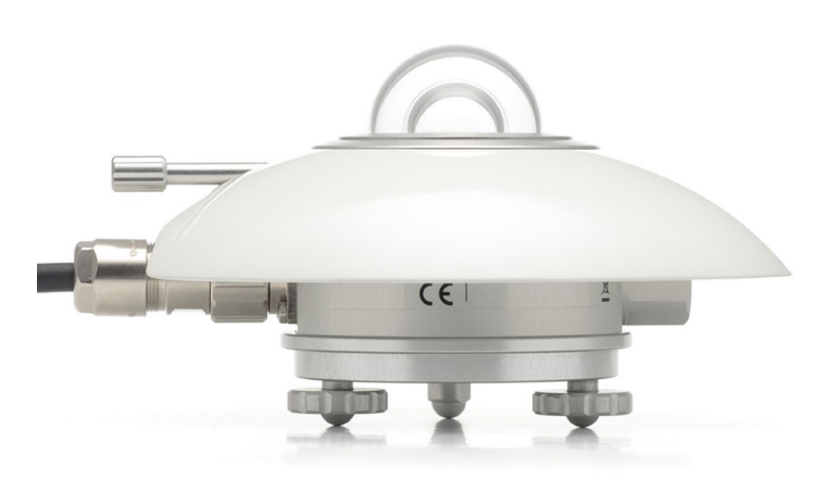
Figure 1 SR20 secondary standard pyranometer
==
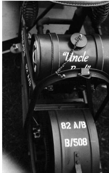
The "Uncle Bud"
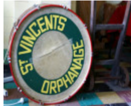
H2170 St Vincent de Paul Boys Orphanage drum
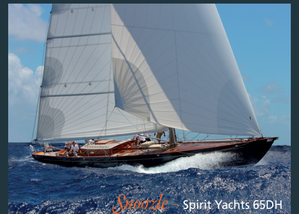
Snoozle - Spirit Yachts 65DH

_What is being asked_
Using the data above, which lines fall from the one with "H2170 St Vincent de Paul Boys Orphanage drum" through the one with "Snoozle - Spirit Yachts 65DH"? Repeat them exactly, ends included, minus any pictures.

_Finished exercise_
H2170 St Vincent de Paul Boys Orphanage drum
Snoozle - Spirit Yachts 65DH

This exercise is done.